И он снова погрузился в сон о Кедровой улице…
Гарретт уютно свернулся калачиком под фамильным ватным одеялом, лежа в кровати в своей комнате и спасаясь от октябрьского холода, пронизывавшего неотапливаемый верхний этаж. Что-то уперлось ему в ребра, и он проснулся. Фонарик, при свете которого мальчик читал запрещенные родителями комиксы-ужастики, вместо того чтобы спать, закатился ему под бок.
Гарри включил его и осветил комнату. Луч казался болезненно желтым — давно пора заменить батарейки, — но по стенам спальни он скользил вполне уверенно. Все выглядело привычно: постеры с самолетами, картинки-раскраски и (осенний штрих) вырезанные украшения на Хеллоуин — тыквы, черные кошки, ведьмы на метлах и танцующие скелеты. Луч уперся в узкое окно, выхватывая из темноты книги на полках и всякие милые сердцу предметы. На столе красовался наполовину законченный самолет Б-36, «Летающая сигара», ядерный бомбардировщик в окружении пластиковых деталей и тюбиков с клеем.

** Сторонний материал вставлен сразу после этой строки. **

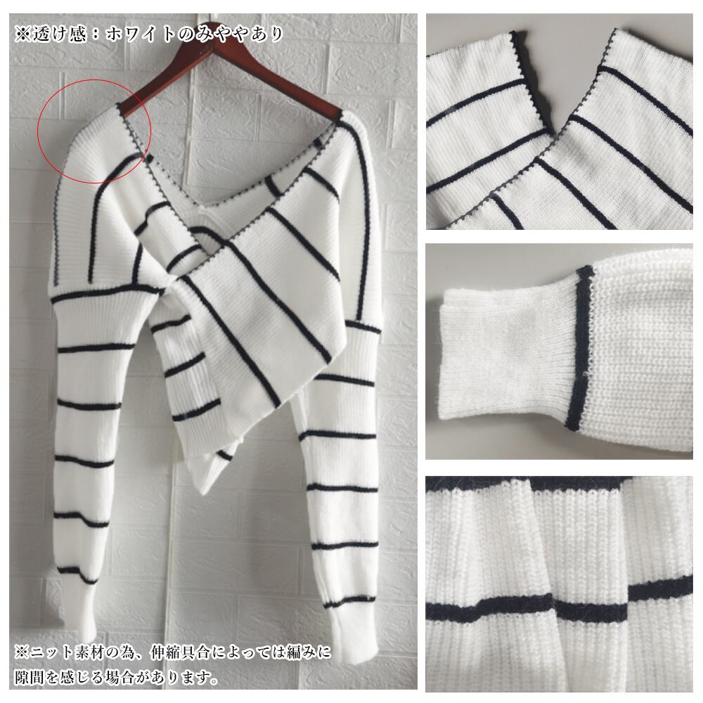レディース ボーダー柄 ニットセンター 大人カジュアル ショート丈 ニットウエア 肩だし きれいめ ニットソー Vネック

Фонарик стал гаснуть, когда Гарретт перевел его на другую сторону комнаты, где наткнулся на глядевшее сверху лицо — совершенно незнакомое, взрослое и отвратительное в желтом свете. Поначалу Гарри решил, что это один из братьев в маске, а затем понял: рядом с ним стоит настоящий безумный убийца с тесаком мясника, прямо как в его комиксах. Вдруг от освещенного лица черными полосками начала отслаиваться плоть, обнаженные кости и зубы обугливались и трескались, превращаясь в пыль. Мочевой пузырь мальчика взорвался горячим потоком.
Ларкин забормотал, ерзая и стараясь дотянуться под слоями потертого полиэтилена до промежности, решив, что обмочился во сне. Вроде нет. Впрочем, сейчас это не имело значения…
Что-то тыкалось в ребра. Оказалось — наполовину пустая бутылка «Тандерберда».[28] Он сделал глоток. Прижатое к телу вино нагрелось, и его пары сразу ударили в нос.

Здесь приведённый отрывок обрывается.